Friday, June 15, 2018

Perhaps the saddest part is that if some Silicon Valley billionaire gives this project $100 million, I won't be surprised.

The video at the bottom of the post has been popping up all over the place (I suppose this makes me part of the problem as well). The original footage (without text) is from a Russian company that apparently specializes in fancy CGI clips of profoundly stupid but cool looking transportation ideas.

I had originally intended to approach this as another "the more things change, the more they stay the same" story, but I realized that would be unfair to our forefathers. They had their share of silly ideas, but not this silly.

To be viable, a proposed technology either has to do something new, or do something substantially better than the technology currently filling that niche. The dirigible train was probably never a viable idea, but it did offer at least the potential of a lower cost method of building elevated trains, and there are real advantages to elevated construction.

By comparison, it's difficult to see any area of superiority with the train plane. Before someone from the back row shouts something about this system being more energy efficient than regular airplanes, it's important to note that the niche being competed for here is with trains not airplanes. The primary advantages of aircraft are speed, flexibility and minimal infrastructure. Track-dependent systems need to be compared to trains.

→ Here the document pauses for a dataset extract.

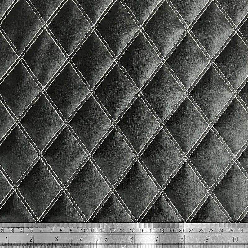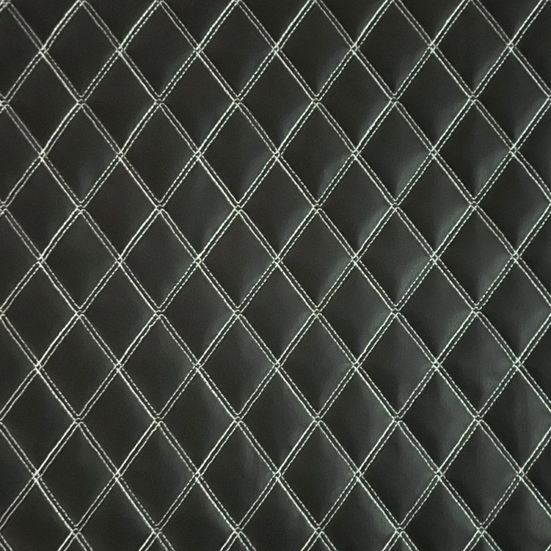 Our Stitched Vinyl Diamond Trellis Faux Quilted Leatherette is a luxurious three-layer fabric featuring genuine embroidery stitching for an elegant quilted effect. With a soft-touch PU leather surface, wadding backing, and a reinforcing fabric layer, this material is designed for both durability and style.

And the person to trains looks awful. It doesn't appear to offer a significant advantage in speed or cost. It requires a specialized electrified track. The capacity of the aircraft is extremely limited compared to that of the train. The footprint of the track horizontally and vertically is really big, particularly when you take into account the necessary separation between the parallel tracks going different directions.

This is an exceptionally good example of what you might call anti-engineering. Engineers strive to find the simplest, most reliable solution to a problem, a solution that maximizes functionality while minimizing cost and implementation time. What we have here and in many other recent proposals (remember the bodega artificial intelligence vending machine?) Are the exact opposite of good engineering; they add expensive complication with little or no increase in functionality, just to look "futuristic."